Victoria, British Columbia – British Columbia has introduced a number of changes to the Motor Vehicle Act (MVA) to enhance road safety and streamline the administrative process.

In response to a growing number of motorcyclists and a corresponding rise in the number of fatalities, all motorcycle drivers and their passengers will be required to wear a helmet that meets certified safety industry standards. Drivers will be responsible for ensuring that passengers under the age of 16 are wearing an approved helmet. Unapproved helmets will be subject to potential seizure by police.

In addition, new inexperienced riders will be restricted to less-powerful motorcycles, with restrictions to be determined and set out in regulations. All passengers, including those under the age of 16, must be able to position their feet on foot pegs or floor boards.

A change to the MVA will help health care professionals by clarifying the medical conditions or impairments that affect the ability to drive, and must be reported to the Superintendent of Motor Vehicles. Occupational therapists and nurse practitioners have also been added to the current list of psychologists, optometrists and medical practitioners who have a duty and authority to report under the act.

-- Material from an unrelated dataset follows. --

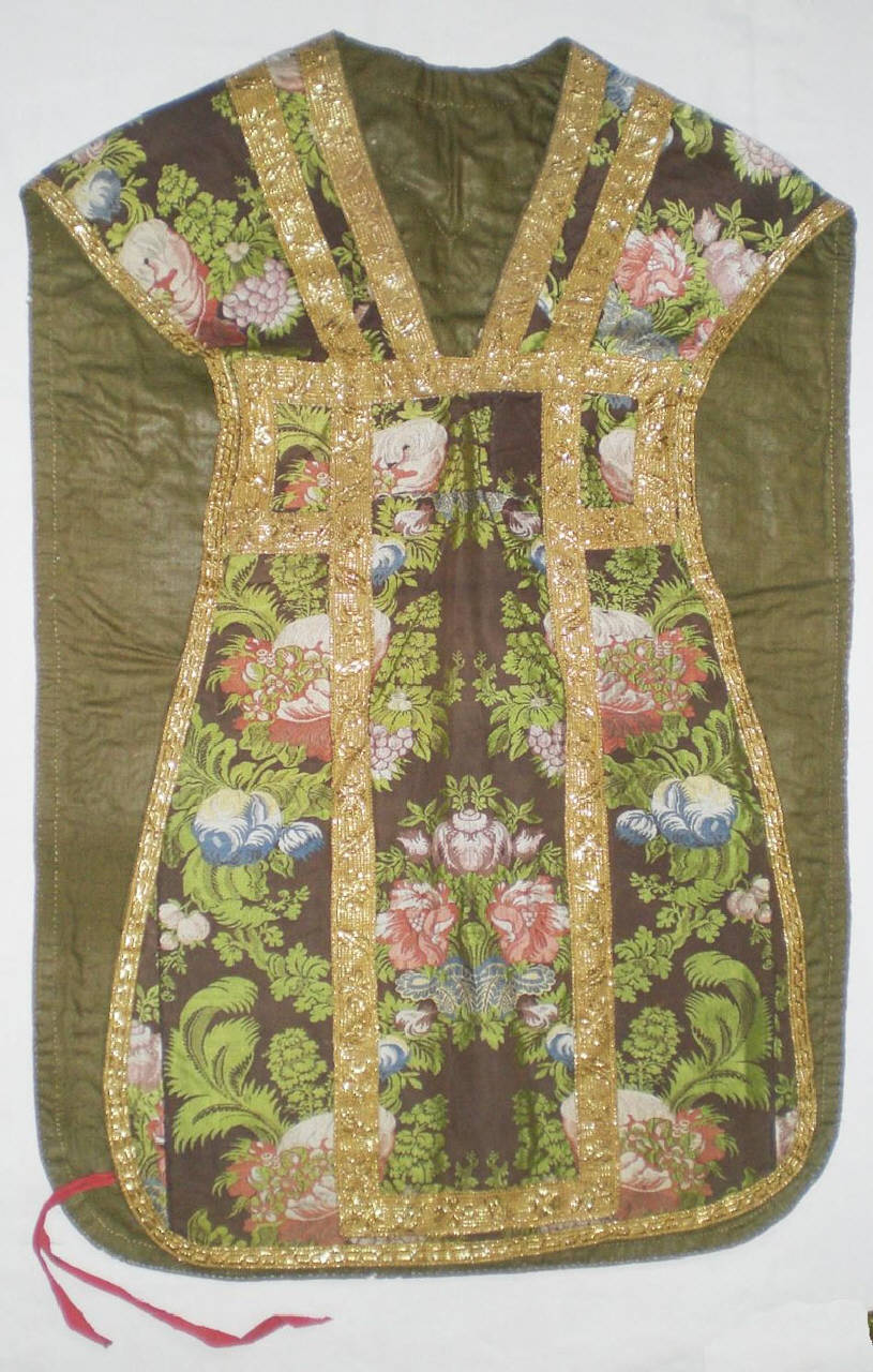 Pianeta in seta operata con fondo marrone con decorazioni floreali a mendro composte da vaporosi fiori rosa e azzurri e da vivaci foglie verdi. Lungo i bordi passamanerie dorate che disegnano una croce sul recto. Fodera di lino verde con nastri rossi.

To further enhance road safety, the exemption for not wearing a seatbelt for a medical reason is being discontinued, as current medical advice is that there are no medical reasons to not wear a seatbelt.

A change to the MVA will extend the current six-month limit on “home country” driver’s licences for seasonal agricultural workers to a maximum of one year. Currently, these workers can drive in the province for up to six months before being required to obtain a B.C. licence.